+++ PROVIDED DATA

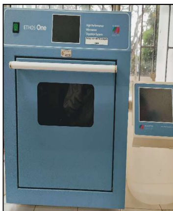
Imagen 6. Digestor Microondas Milestone.
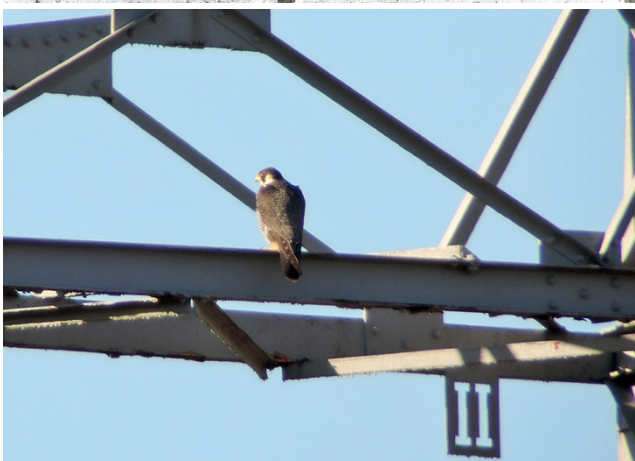
Bildergalerie 2022.
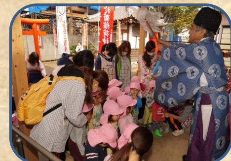
お祓いしてもらいました
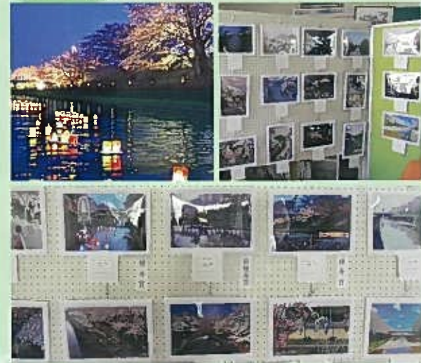
桜の風景もそれぞれの趣があります。

++++++

__TASK TO COMPLETE__:
Beginning at the line that contains "Bildergalerie 2022." and ending at the last line of the data, return each line exactly; no picture belongs in the copy.

__YOUR RESPONSE__:
Bildergalerie 2022.
お祓いしてもらいました
桜の風景もそれぞれの趣があります。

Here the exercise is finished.